Here is one (of many) possible solutions:

(Carl, Anna, Betty) = (15, 10, 75)

Answer 7

a + b + c = 100
6a + 1/3 b + c = 100
c < 30

this should be solved for the answer on your question.
3a + 3b + 3c = 300
18a + b + 3c = 300

15a -2b = 0
and c < 30

a = 2 b = 15 c = ... too big
a= 6 b =10 c = .. still too big
a=10 b = 75 c = 15 Yesss
a=8 b = 60 c .. too big
a = 12 b = 90 c would be negative

so only : a=10 b = 75 c = 15 Yesss

Answer 8

Let's see if I can translate the problem:

a+b+c = 100
6a+b/3+c = 100
c<30

I picked c=20, and solved (a,b) = (9.41,70.59)

For c=25, (a,b) = (8.82,66.18) another solution

So, there are lots of solutions. Since you said 'number theory', then I assume that you want whole numbers.

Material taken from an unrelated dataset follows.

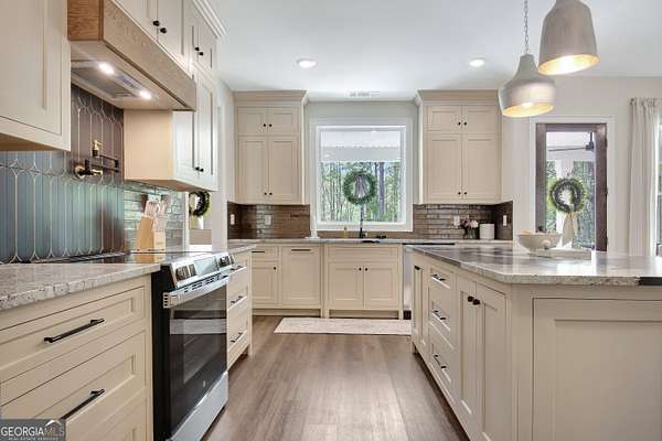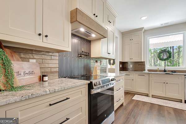 This is the one you've been waiting for-and you will want to see it in person ASAP. Situated on 3 beautiful acres with a peaceful creek in the sought-after Centralhatchee School District, this 4 bedroom, 2 full bath, 1 half bath home blends custom design, thoughtful function, and unforgettable style. From the moment you step inside, the custom lighting throughout sets the tone-warm, elevated, and designed to impress. The LVP flooring throughout offers both durability and seamless flow, while the iron ore black fireplace with an oversized mantle creates a bold and inviting focal point in the living space. The kitchen is truly the heart of this home-and it delivers a wow factor. Featuring: A large statement island perfect for gathering Leathered granite countertops throughout Rich chocolate beveled subway tile paired with a striking black & gold backsplash Custom soft-close cabinetry with abundant drawers Pot filler and built-in cup/glass rinser for added convenience This space was designed for both everyday living and entertaining with ease. The thoughtful layout continues with a spacious pantry, a functional mud room off the back entry, and a well-appointed laundry room complete with sink, cabinetry, storage, and built-in organization. Even better-the laundry connects directly to the primary closet and bathroom, creating a seamless daily routine. The split bedroom plan offers privacy, while each bathroom showcases unique, one-of-a-kind fixtures that elevate the home's custom feel. Step outside and you'll find even more to love. The covered back patio, connected to the 2-car carport, creates the perfect setting for hosting and relaxing. The detached garage with side porch offers incredible flexibility-ideal for extra vehicles, a workshop, or hobbies. The backyard has been thoughtfully cleared to provide open space for entertaining, gardening, or simply enjoying your land, all while taking in the natural beauty of your own creek. Homes with this level of detail, space, and setting don't come along often. Come experience it for yourself-and come home.

That solution is (a,b,c) = (15,75,10)

I remember doing these problems in my number theory class. I think that they're know as 'Chinese Remainder Therorem' problems. I don't want to go look for my notes but I multiplied the second equation by 3 and then prime factored all coefficients:

The only prime factors needed are: 2, 3, 5

Note that the solution is made has numbers with these prime factors.

Answer 9

$100 cannot be divided evenly among 3 people.